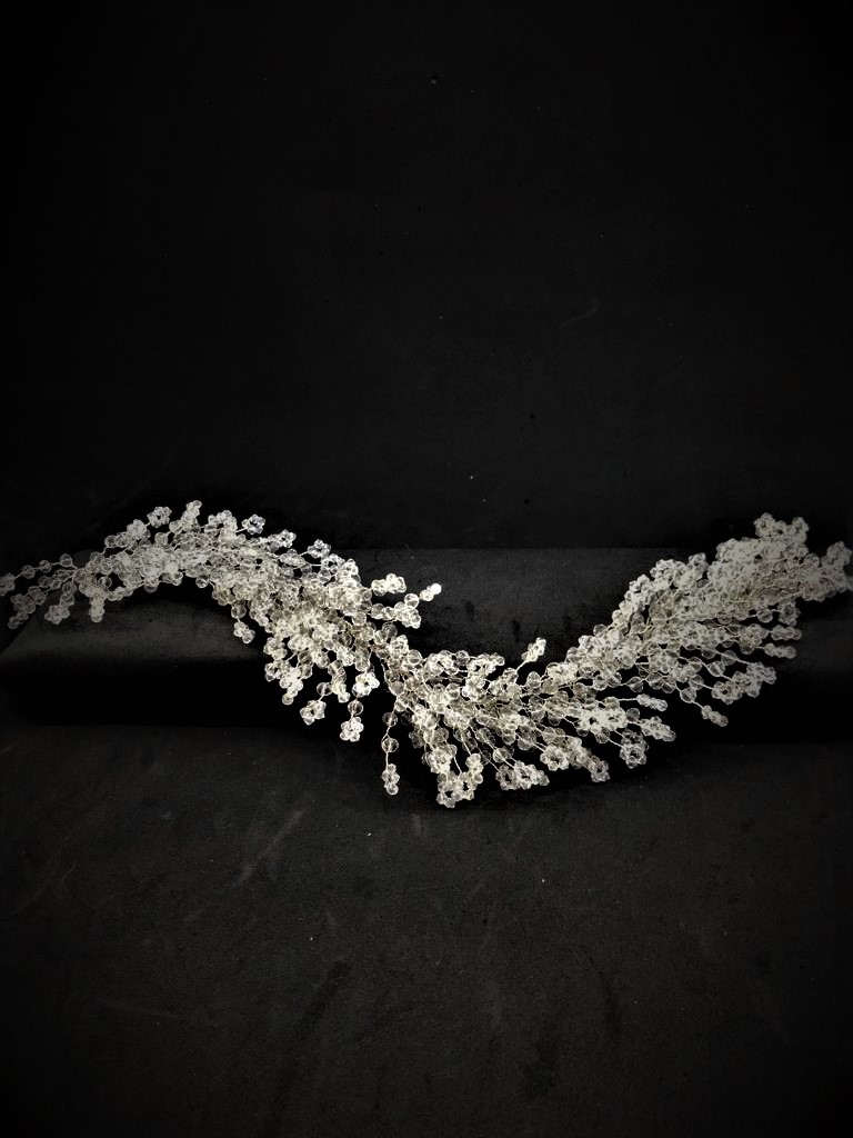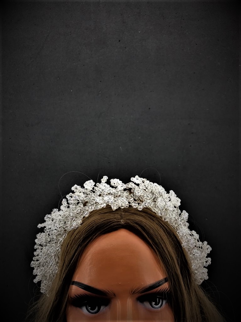 Helen Model Küçük Kristal Taşlardan Oluşan Modern Gelin Tacı
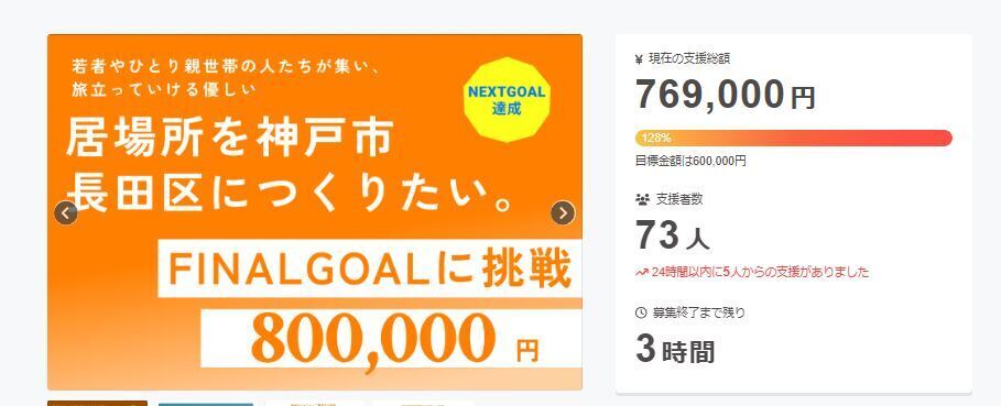 皆さん、こんばんは。クラウドファンディング、終了まであと3時間となりました。ファイルゴール80万円まであと3万1000円となりました!!あと少しで完全目標達成です!!!ここまでこれたのも応援していただいた皆さんのおかげです。ありがとうございます!!ここまで来たら、ファイルゴールまで駆け抜けたいです。あと、3万1000円今回最後のご支援よろしくお願いします。PS:本日看板設置を除きリフォーム工事が終わりました。また、別の報告書で再度ご報告させていただきます。
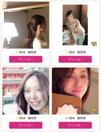 男女比についてはそもそも男性ユーザーは男性が表示されないので分かりませんでしたが、会員数に関しては女性会員が少ないと感じる事はありませんでしたね。
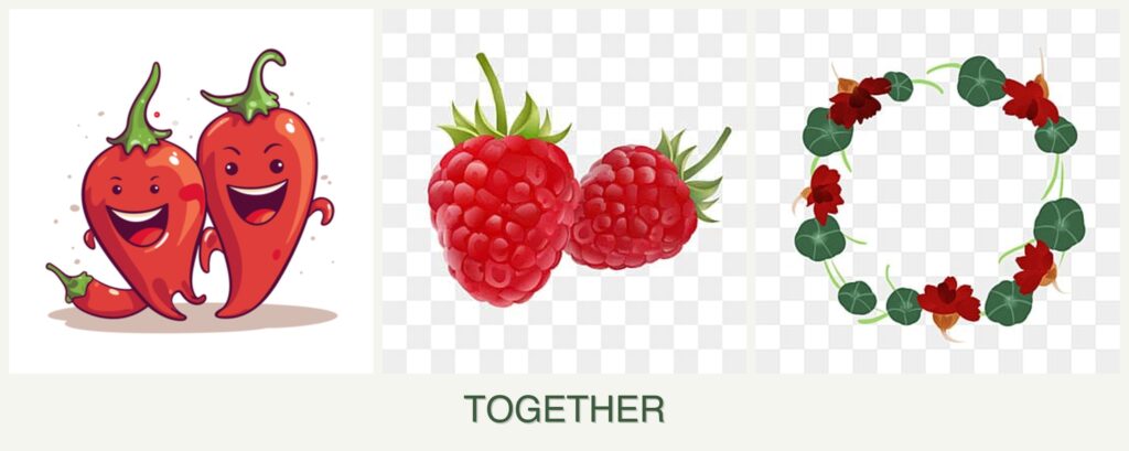 Growth Requirements: Peppers prefer warm temperatures and full sun, while raspberries thrive in cooler climates and partial sun. Nasturtiums are versatile, adapting to most conditions but favor full sun. Ensuring each plant’s growth needs are met is crucial.
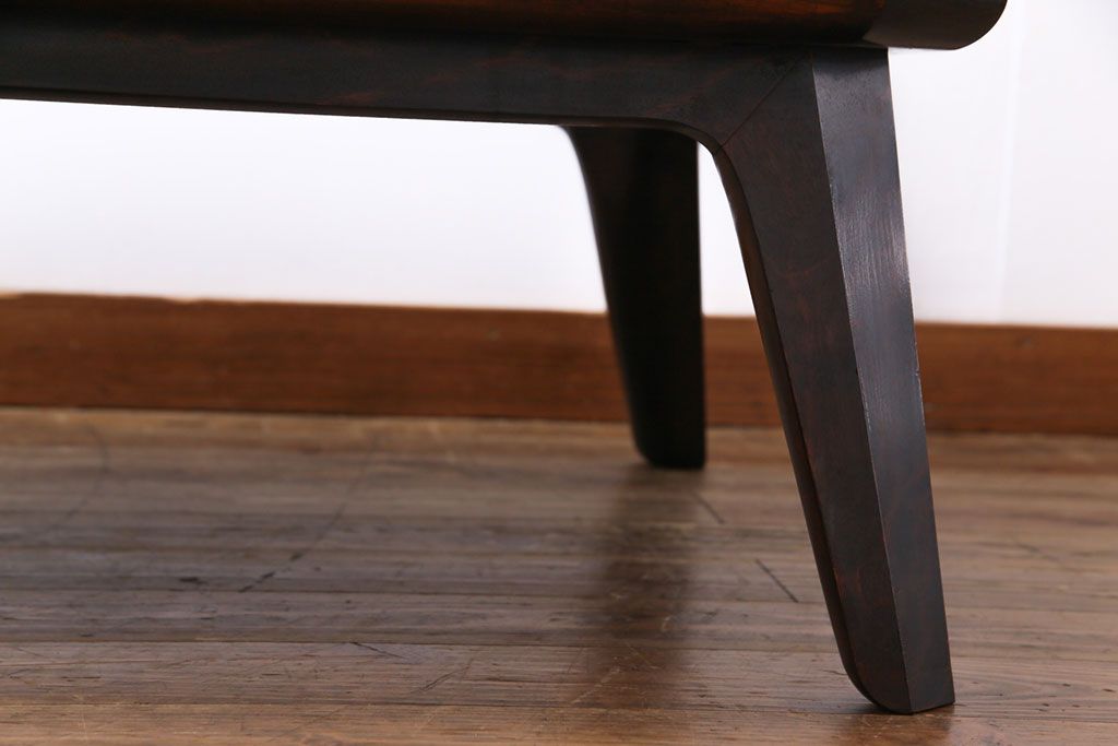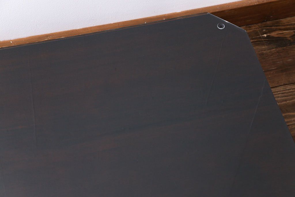 ラフジュ工房> 民芸家具 > ビンテージ 松本民芸家具 面取りデザインがおしゃれなガラス天板付きセンターテーブル(ローテーブル、座卓)
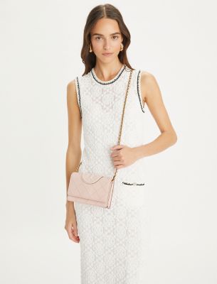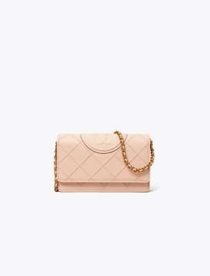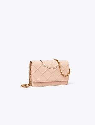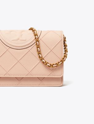 Enduring glamour. Diamond pintucks. Brushed chain, braided with leather. A feminine silhouette sealed with an oversized Double T. The Fleming Soft Chain Wallet is crafted in a super-fine grain calfskin for a smooth, luxurious feel, durability and high scratch-resistance — with pockets for cards, a phone and full-length bills.
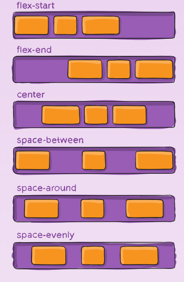 - justify-content: 주축을 따라 정렬합니다. 한줄의 모든 플렉스 항목이 유연하지 못하거나 유연하지만 최대 크기에 도달했을 때 남는 여유 공간을 분배합니다.
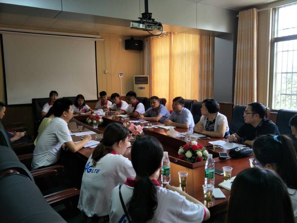 (本网讯)8月23日上午,副校长谭献良与团委、信息与电子工程学院相关负责人赴桃江县马迹塘镇看望了正在进行暑期“三下乡”社会实践活动的师生,并与师生亲切座谈。马迹塘镇党委副书记、镇长戴佳,党政办副主任、团委书记陈慧翔、林业站站长肖国云、桃江县竹缘林科有限公司董事长肖学文出席了座谈会。座谈会由陈慧翔主持。
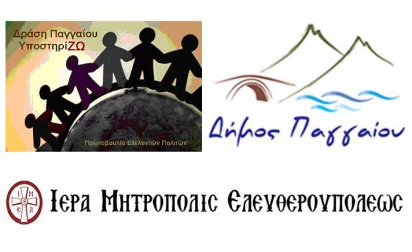 Η Δράση Παγγαίου ΥποστηρίΖΩ με τη συνεργασία του Δήμου Παγγαίου και την υποστήριξη της Ιεράς Μητροπόλεως Ελευθερουπόλεως στην προσπάθειά τους να βοηθήσουν τους πρόσφυγες συνανθρώπους μας, οι οποίοι αναγκάστηκαν να εγκαταλείψουν τις εστίες τους και να πάρουν το δύσκολο δρόμο της προσφυγιάς, συγκεντρώνουν διάφορα είδη τα οποία τους είναι απαραίτητα.
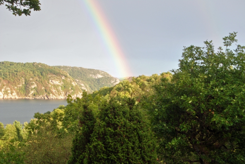 Der Tag heute war ein recht ruhiger. Das Boot ist klar, nur die erste Ausfahrt wurde durch ein drohendes Gewitter gestoppt. Nach einer Stunde stellte sich raus, dass es doch kein Gewitter der norwegischen Art war. Ein Donner und etwas Regen, mehr war es nicht. Danach ein schöner Regenbogen über dem Fjord.
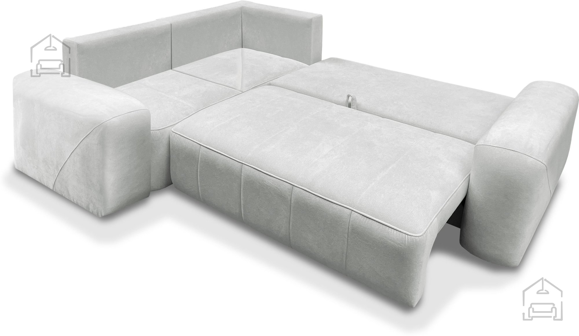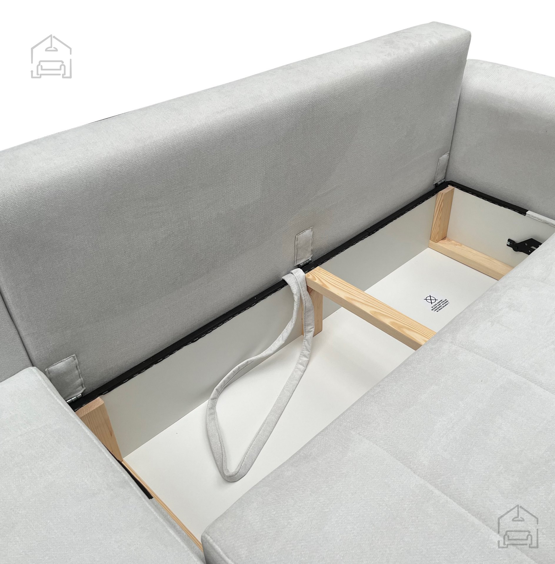 Das Modell Novelo II ist mit einem zuverlässigen Euro-Mechanismus ausgestattet, der das Ausziehen zu einem Bett einfach und rasch ermöglicht. Im ausgezogenen Zustand entsteht eine komfortable Liegefläche von 205x125 cm, ideal für zwei Personen. Zusätzlich verfügt die Garnitur über einen Bettkasten, in dem Sie Decken, Kissen oder Bettwäsche ordentlich verstauen können – eine praktische Lösung für mehr Ordnung im Raum. So gewinnen Sie an Funktionalität, ohne auf ein ansprechendes Design zu verzichten.
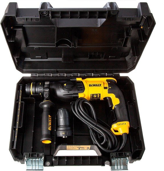Долго выбирал перфоратор и никак не мог определиться. У товарищей в основном DeWalt, правда, других моделей, но этот бренд они рекомендовали как долговечный. Пересматривая характеристики разных перфораторов, я остановился на DeWalt D25134K. Приобрел его на сайте магазина «Мойо» и был рад, что можно его забрать прямо с магазина, тем самым есть возможность проверки аппарата, с экономией на доставке. Имеет три режима: сверление с ударом, сверление и просто удар. Комфортен в использовании при наличие реверса и упора глубины. Инструмент сверхмощный и добротно сделан. В руках сидит очень удобно, даже не смотря на трехкилограммовый вес. Аппарат имеет достаточную силу удара, отдача в руки умеренная, меньше чем на перфораторах, с которыми мне приходилось работать на работе. Муфта немного тугая, при конкретных клинах, немного выкручивает руки.
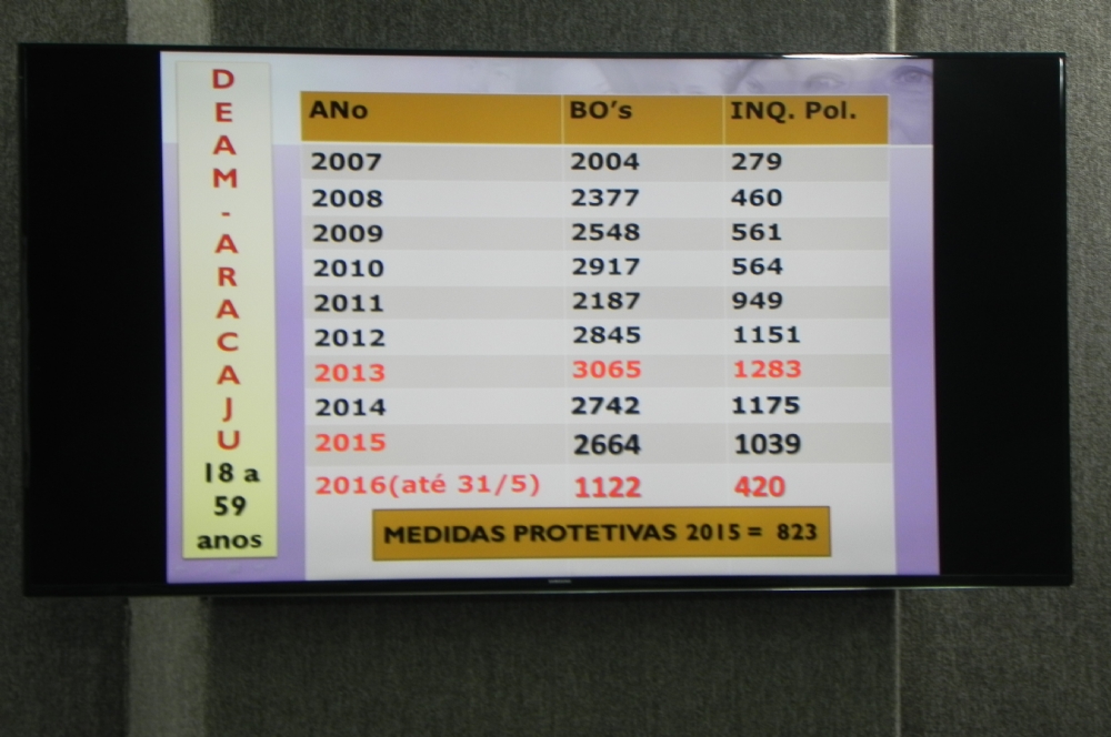 Para Adélia Pessoa, esse tipo de violência é cultural, e, portanto, aprendida desde criança. Em seu discurso, ela trouxe os dados da Delegacia Especial de Atendimento à Mulher (DEAM) sobre os números de inquéritos policiais e boletins de ocorrência envolvendo agressões contra mulheres na cidade de Aracaju desde 2007. De acordo com os dados, só até maio deste ano, já foram 1122 BO’s e 420 inquéritos. Porém, segundo ela, a violência sofrida pelas mulheres vai além da física e está inclusive nas oportunidades, divisão do tempo e das tarefas de casa.
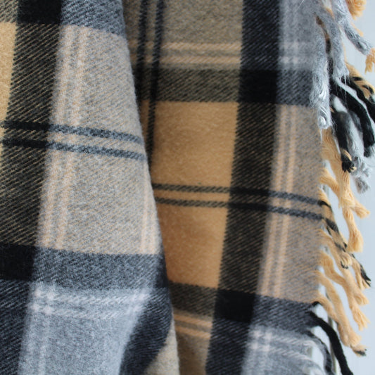 Faribo Acrylic Throw Caramel Grey Black White Plaid - 53" X 40" +3" Fringe

________

TASK BRIEF:
Will you set down the records word for word while leaving out every picture?

REPLY:
 Helen Model Küçük Kristal Taşlardan Oluşan Modern Gelin Tacı
 皆さん、こんばんは。クラウドファンディング、終了まであと3時間となりました。ファイルゴール80万円まであと3万1000円となりました!!あと少しで完全目標達成です!!!ここまでこれたのも応援していただいた皆さんのおかげです。ありがとうございます!!ここまで来たら、ファイルゴールまで駆け抜けたいです。あと、3万1000円今回最後のご支援よろしくお願いします。PS:本日看板設置を除きリフォーム工事が終わりました。また、別の報告書で再度ご報告させていただきます。
 男女比についてはそもそも男性ユーザーは男性が表示されないので分かりませんでしたが、会員数に関しては女性会員が少ないと感じる事はありませんでしたね。
 Growth Requirements: Peppers prefer warm temperatures and full sun, while raspberries thrive in cooler climates and partial sun. Nasturtiums are versatile, adapting to most conditions but favor full sun. Ensuring each plant’s growth needs are met is crucial.
 ラフジュ工房> 民芸家具 > ビンテージ 松本民芸家具 面取りデザインがおしゃれなガラス天板付きセンターテーブル(ローテーブル、座卓)
 Enduring glamour. Diamond pintucks. Brushed chain, braided with leather. A feminine silhouette sealed with an oversized Double T. The Fleming Soft Chain Wallet is crafted in a super-fine grain calfskin for a smooth, luxurious feel, durability and high scratch-resistance — with pockets for cards, a phone and full-length bills.
 - justify-content: 주축을 따라 정렬합니다. 한줄의 모든 플렉스 항목이 유연하지 못하거나 유연하지만 최대 크기에 도달했을 때 남는 여유 공간을 분배합니다.
 (本网讯)8月23日上午,副校长谭献良与团委、信息与电子工程学院相关负责人赴桃江县马迹塘镇看望了正在进行暑期“三下乡”社会实践活动的师生,并与师生亲切座谈。马迹塘镇党委副书记、镇长戴佳,党政办副主任、团委书记陈慧翔、林业站站长肖国云、桃江县竹缘林科有限公司董事长肖学文出席了座谈会。座谈会由陈慧翔主持。
 Η Δράση Παγγαίου ΥποστηρίΖΩ με τη συνεργασία του Δήμου Παγγαίου και την υποστήριξη της Ιεράς Μητροπόλεως Ελευθερουπόλεως στην προσπάθειά τους να βοηθήσουν τους πρόσφυγες συνανθρώπους μας, οι οποίοι αναγκάστηκαν να εγκαταλείψουν τις εστίες τους και να πάρουν το δύσκολο δρόμο της προσφυγιάς, συγκεντρώνουν διάφορα είδη τα οποία τους είναι απαραίτητα.
 Der Tag heute war ein recht ruhiger. Das Boot ist klar, nur die erste Ausfahrt wurde durch ein drohendes Gewitter gestoppt. Nach einer Stunde stellte sich raus, dass es doch kein Gewitter der norwegischen Art war. Ein Donner und etwas Regen, mehr war es nicht. Danach ein schöner Regenbogen über dem Fjord.
 Das Modell Novelo II ist mit einem zuverlässigen Euro-Mechanismus ausgestattet, der das Ausziehen zu einem Bett einfach und rasch ermöglicht. Im ausgezogenen Zustand entsteht eine komfortable Liegefläche von 205x125 cm, ideal für zwei Personen. Zusätzlich verfügt die Garnitur über einen Bettkasten, in dem Sie Decken, Kissen oder Bettwäsche ordentlich verstauen können – eine praktische Lösung für mehr Ordnung im Raum. So gewinnen Sie an Funktionalität, ohne auf ein ansprechendes Design zu verzichten.
Долго выбирал перфоратор и никак не мог определиться. У товарищей в основном DeWalt, правда, других моделей, но этот бренд они рекомендовали как долговечный. Пересматривая характеристики разных перфораторов, я остановился на DeWalt D25134K. Приобрел его на сайте магазина «Мойо» и был рад, что можно его забрать прямо с магазина, тем самым есть возможность проверки аппарата, с экономией на доставке. Имеет три режима: сверление с ударом, сверление и просто удар. Комфортен в использовании при наличие реверса и упора глубины. Инструмент сверхмощный и добротно сделан. В руках сидит очень удобно, даже не смотря на трехкилограммовый вес. Аппарат имеет достаточную силу удара, отдача в руки умеренная, меньше чем на перфораторах, с которыми мне приходилось работать на работе. Муфта немного тугая, при конкретных клинах, немного выкручивает руки.
 Para Adélia Pessoa, esse tipo de violência é cultural, e, portanto, aprendida desde criança. Em seu discurso, ela trouxe os dados da Delegacia Especial de Atendimento à Mulher (DEAM) sobre os números de inquéritos policiais e boletins de ocorrência envolvendo agressões contra mulheres na cidade de Aracaju desde 2007. De acordo com os dados, só até maio deste ano, já foram 1122 BO’s e 420 inquéritos. Porém, segundo ela, a violência sofrida pelas mulheres vai além da física e está inclusive nas oportunidades, divisão do tempo e das tarefas de casa.
 Faribo Acrylic Throw Caramel Grey Black White Plaid - 53" X 40" +3" Fringe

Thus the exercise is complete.